Она хотела возразить, но он уже устроился, положив руку на голову пса, и начал что-то говорить ему тихим, напевным голосом, словно убаюкивая ребёнка: «Ну что, старик, нос повесил? Не порядок. Мы с тобой ещё на речку не ходили в этом году…»
---
Она вернулась под утро, когда за окном проступал сизый предрассветный свет. В палате горела лампа. Николай сидел в той же позе, но не замкнутый и напряжённый, а как-то по-домашнему устроившись. Он читал вслух что-то с экрана телефона. Голос был хрипловат от усталости, но интонации — живые, будто он делился самой интересной новостью.
— …и представь, этот безумец полез на Эльбрус! Слыхал такое, Бук? Нет? Вот и я нет. Но люди пишут…
Пес лежал, ухом прижавшись к его колену, и, казалось, слушал.
— Как он? — прошептала Катя.
— Держится, — Николай обернулся, и на его лице появилась обычная, чуть лукавая улыбка. — Температуру сбиваем потихоньку. Я ему уже и про нашу рыбалку рассказал, и про то, как ты в первый раз борщ пересолила. Он слушал внимательно, не перебивал.
Она села рядом, на второй стул. Не знала, что сказать. Просто протянула ему термос с чаем. Их плечи соприкасались в тесном пространстве.
— Иди поспи, — наконец сказала она.
— Знаешь, я тут думал, — он отхлебнул чаю, сморщился. — Крепкий. Хорошо. Так вот думал… мы Бучку-то взяли, когда девочки подросли. Чтобы пусто не было. А он, выходит, теперь нас объединяет. Ирония, да?
Он говорил это легко, без надрыва, просто констатируя факт, как интересное наблюдение. И в этой лёгкости не было ни капли цинизма — только странная, уставшая мудрость.
Трое суток стали временем вне времени. Они дежурили, сменяя друг друга. Катя приносила еду, Николай выходил «проветрить голову» и возвращался с какой-нибудь глупой историей, подслушанной у клиники: то про кота, который воровал сосиски у шаурмичной, то про ворона, методично раскалывавшего грецкие орехи о бордюр. Он рассказывал это Буку, а Катя слушала, и мир понемногу возвращал привычные, стёртые очертания.

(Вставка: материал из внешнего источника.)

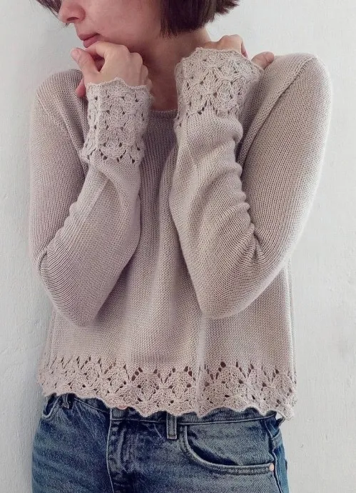 Хочется связать что-то простое, но с изюминкой? Хочется вязать лицевой гладью? И в то же время, чтобы был стильный акцент? — тогда ваш выбор кофта спицами лицевой гладью, но с красивой каймой снизу и по рукавам. Думаю для вязания кофты спицами с такой каймой лучше всего использовать пряжу средней толщины 400-500 метров в 100 гр. В пряже около 200 метров эта кайма будет смотреться грубо и некрасиво. Рапорт узора 12 петель, поэтому наборный ряд любой детали должен ровно делиться на 12 + 2 кромочные петли. А вот дальше, при вязании лицевой гладью можно будет регулировать количество петель.

На третью ночь Николай, сидя на табурете, незаметно для себя задремал, склонив голову. Он не упал, не пошатнулся — просто сомкнул глаза, и его дыхание, сперва ровное, стало глубже. Катя смотрела на него. На расслабленные, добрые морщины у глаз. На рот, приоткрытый в детском, беззащитном сне. Она вспомнила, как он умел рассмешить плачущую Наташу, делая из носового платка смешных зайцев. Как он, весь такой большой, мог на цыпочках ходить по квартире, если кто-то спал. Как называл её «Судорогой» не в укор, а с нежностью: «Опять засуетилась, моя Судорога. Давай-ка присядем, чаю выпьем. Мир не рухнет».

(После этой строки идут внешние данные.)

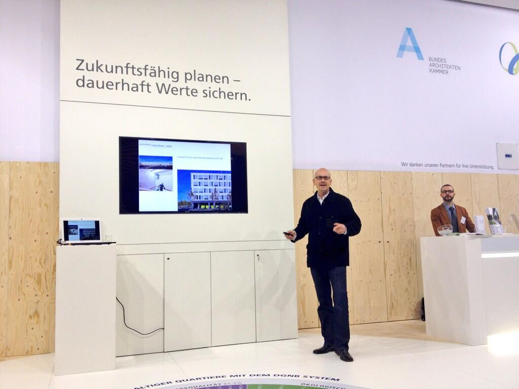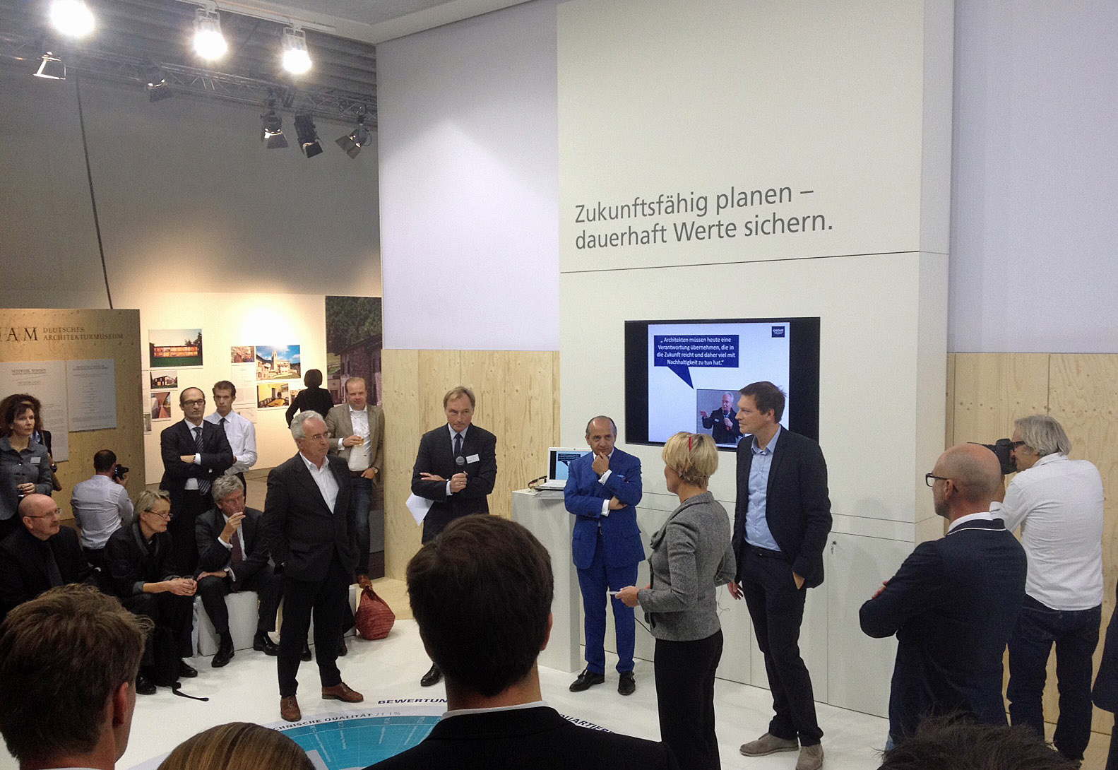 Bundesarchitektenkammer (BAK) und Deutsche Gesellschaft für Nachhaltiges Bauen (DGNB) waren zum sechsten Mal mit einem Gemeinschaftsstand auf der EXPO REAL vertreten. Unter dem Motto „intelligent urbanization“ hatten BAK und DGNB für den zweiten Messetag, den 8. Oktober, fünf Diskussionsrunden im Rahmen des Planning & Partnerships Forums der Messe zusammengestellt.

И она вдруг поняла. Не умом, а всем существом. Кризис — это не война. Это непогода. А Николай — это тот, кто в непогоду не рвётся чинить крышу с риском для жизни, а предлагает переждать ливень на кухне, за чаем, рассказывая нелепые истории. Он не штурмует стены, он обходит их, находя калитку. Его сила не в напоре, а в устойчивости, в упрямом, тихом тепле, которое рано или поздно оттаивает лёд.
Она осторожно прикрыла его плечи своим платком, взяла его большую, тяжёлую руку, лежавшую на боку собаки, в свои ладони. Он не проснулся, только его пальцы инстинктивно сжались вокруг её пальцев, тёплые и твёрдые.
Бук приоткрыл глаза, ткнулся носом в их сцепленные руки и тихо вздохнул.
За окном рассветал обычный городской рассвет — с первым гудком мусоровоза, с хлопком двери в соседнем подъезде. Свет, практичный и неяркий, заливал комнату.
Катя достала телефон. Нашла в чате фото дочери с Виктором. Они стояли у кинотеатра, просто стояли, и он поправлял ей шарф. Не пафосно, не картинно — по-деловому, но с такой видимой бережностью. Она посмотрела на это фото новыми глазами. Может, он и не имеет «образца», но у него есть желание его создать. А это, пожалуй, даже важнее.
Она отправила Наташе: «Спроси у Виктора, любит ли он домашние пельмени. Если да — приходите в воскресенье, будем лепить».
Положила телефон. Сидела тихо, держа руку мужа. Он посапывал во сне. Пёс мирно дремал. Капельница отсчитывала капли ровно и неторопливо.
И это было не перемирие. Это было возвращение домой. Туда, где жил человек, умевший смешить даже в кромешной тьме и находить тихую гавань в самый разгар шторма. Её Судорога понемногу отпускала, сменяясь усталым, глубоким, почти забытым чувством — что они в одной лодке. И лодка, пусть и течёт, но — на плаву.